A three-range device of a similar type can result in up to seven decades of linearity in the molecular weight range. In addition to non-overlapping molecular weight calibration weight curves, the internal pore volume of the two regions should be such that the linear portions of the calibration curves are substantially parallel. The term "substantially parallel" means that the shape of the linear portions of the calibration curves need not be exactly parallel, provided that some deviation from linearity can be accepted. For example, Fig. 9 shows that the overlapping multi-area calibration curve, which represents prior art, is far from linear over the expected range. When about 30-60%, preferably 40-60%, especially about 40-55%, and especially about 45-55%, of the total pore volume of the macroparticles 7715892-3 in each dissolution zone is obtained by the component in it at intervals divided pore distribution, which has the lower average pore size, the remainder being the component with the larger average pore size, the linear parts of the individual calibration curves are substantially parallel. Fig. 10 shows the deviation from linearity in the calibration curve, when the pore volume ratio is 40:60. In the most preferred embodiment, however, the pores within each range of the pore distribution should constitute about 50% of the total pore volume of the macroparticle in the dissolution zone to reduce the deviation from linearity in the calibration curve.

Best results are obtained using packing material which exhibits a very narrow pore size distribution. Pore size distributions for each of the ranges should be 1.0 or less (2o§, as shown in conventional log-normal curves for mercury porosimetry measurements.
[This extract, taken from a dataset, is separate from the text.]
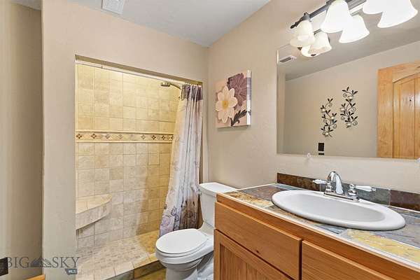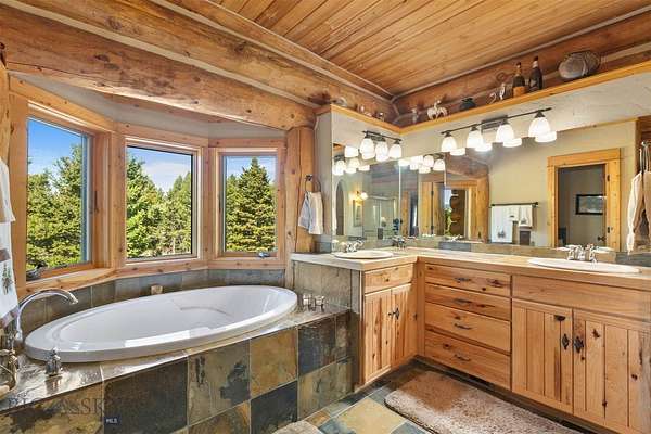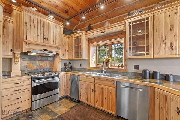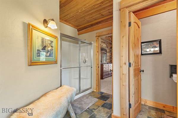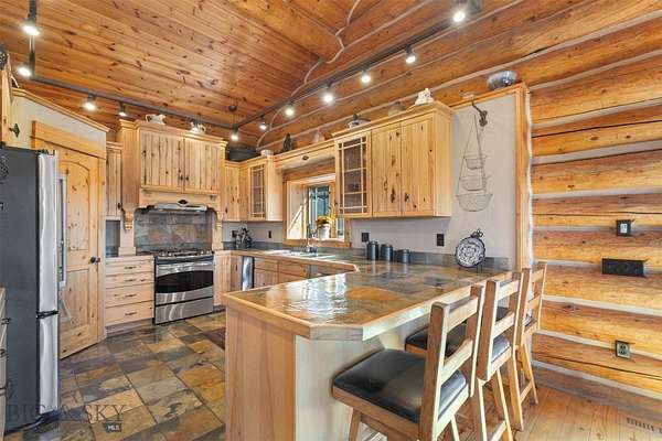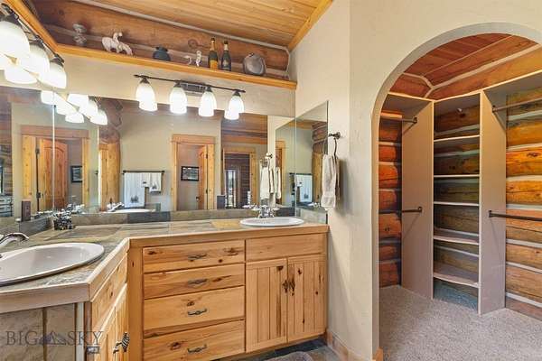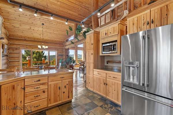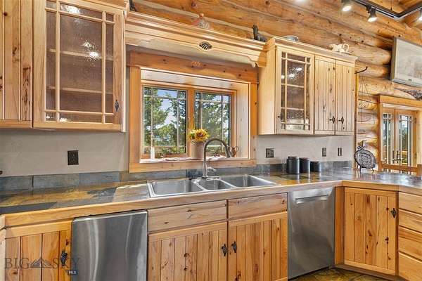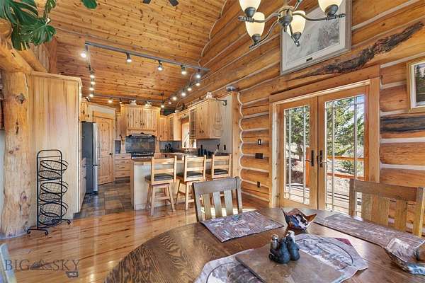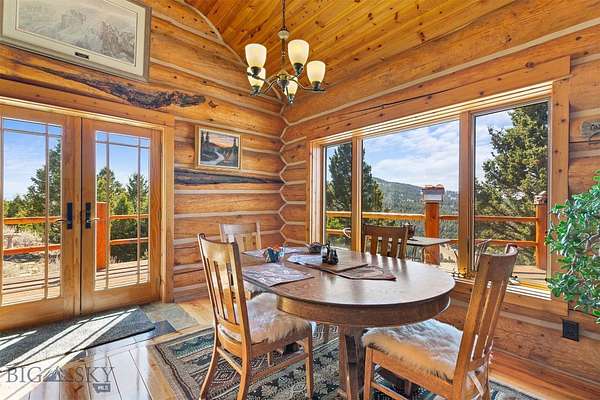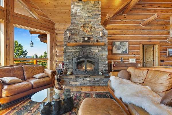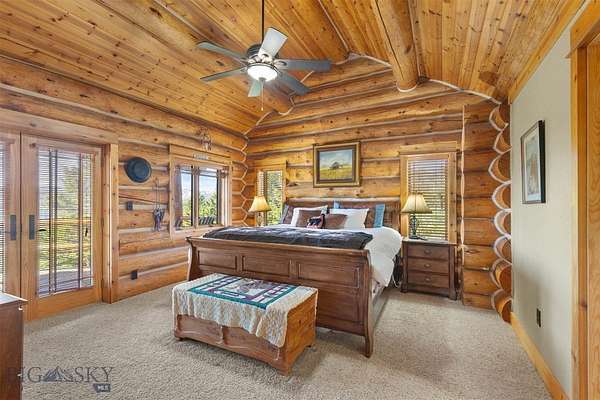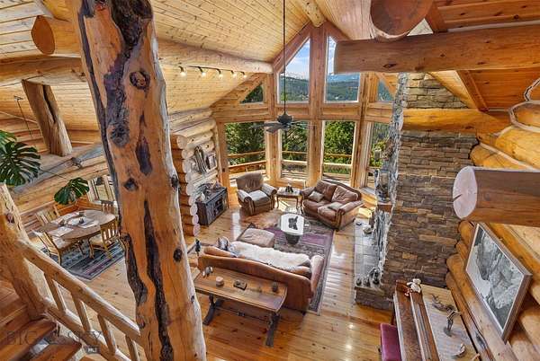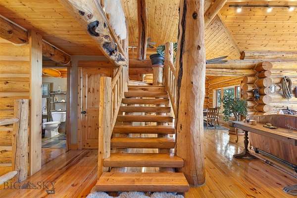 Come home to your Montana Dream log home on over 21 acres in the mountains, where rustic charm meets custom comfort only minutes from Historic Downtown Bozeman. Surrounded by native pines and offering breathtaking mountain views in every direction, this acreage is the epitome of Montana mountain living. The heart of the home centers around the dramatic log framed great room with soaring timber ceilings, a floor to ceiling stacked stone fireplace, and walls of windows that frame the majestic mountain vistas. Warm hardwood floors and custom log accents create a cozy and inviting atmosphere, while the large windows allow the light to fill every room and invites the outdoors in! The gourmet kitchen focus your attention out the windows to the secluded timber views and features wood cabinetry, granite countertops, and stainless appliances - perfect for everything from morning sunlit coffee, to light filled lunches, and intimate dinner parties. The primary bedroom suite is conveniently located on the main level, offering a peaceful retreat with log walls, forest views, and gorgeous vaulted ceilings. Upstairs you'll find a charming loft space accessible via a rustic log staircase with natural wood that adds to the authentic mountain character. The basement level provides excellent additional living space with two finished bedrooms and a full bath, plus an unfinished bedroom/office and open living area that offers endless possibilities for future customization . The expansive wraparound deck is where this place really comes to life, with multiple outdoor spaces that take full advantage of the spectacular mountain views. Adding to the outdoor appeal is a private stocked trout pond on this secluded property, perfect for enjoying this peaceful outdoor mountain environment. All of this is nestled into a private end of the road wooded lot that feels like your own personal forest retreat. You'll have complete privacy while still being convenient to Bozeman, Livingston, and surrounding recreation, creating the perfect balance of mountain retreat and easy accessibility. This isn't just a home, it's your own personal slice of the famous "Big Sky" lifestyle, where days feels like vacations and the views continually take your breath away.

Areas of 0.5 (26) are preferred. Within these ranges, the pore size distribution is a insignificant factor in determining D2 for the calibration curve, and the internal volume of the particles is dominant in determining D2 for the calibration curve. If the pore size distribution is greater than the values given above, the relationship between the two pore size distributions plus internal volume determines the gene for the calibration curve.

The pore size distribution used in the present invention can be achieved in two different ways. The pore distribution divided into two intervals can be achieved by a plurality of macroparticles, each with such a divided pore size distribution. In this case, a single column, e.g. as shown in the upper part of Fig. 3, is used. Alternatively, the pore size distribution divided into two intervals can be achieved by using a plurality of macroparticles with one pore size distribution and a plurality of macroparticles with a different pore size distribution. Although particles with different pore size distributions can be mixed in a single column, the packing of such columns is less convenient and it is best to use two or more columns, each packed with particles of a single type.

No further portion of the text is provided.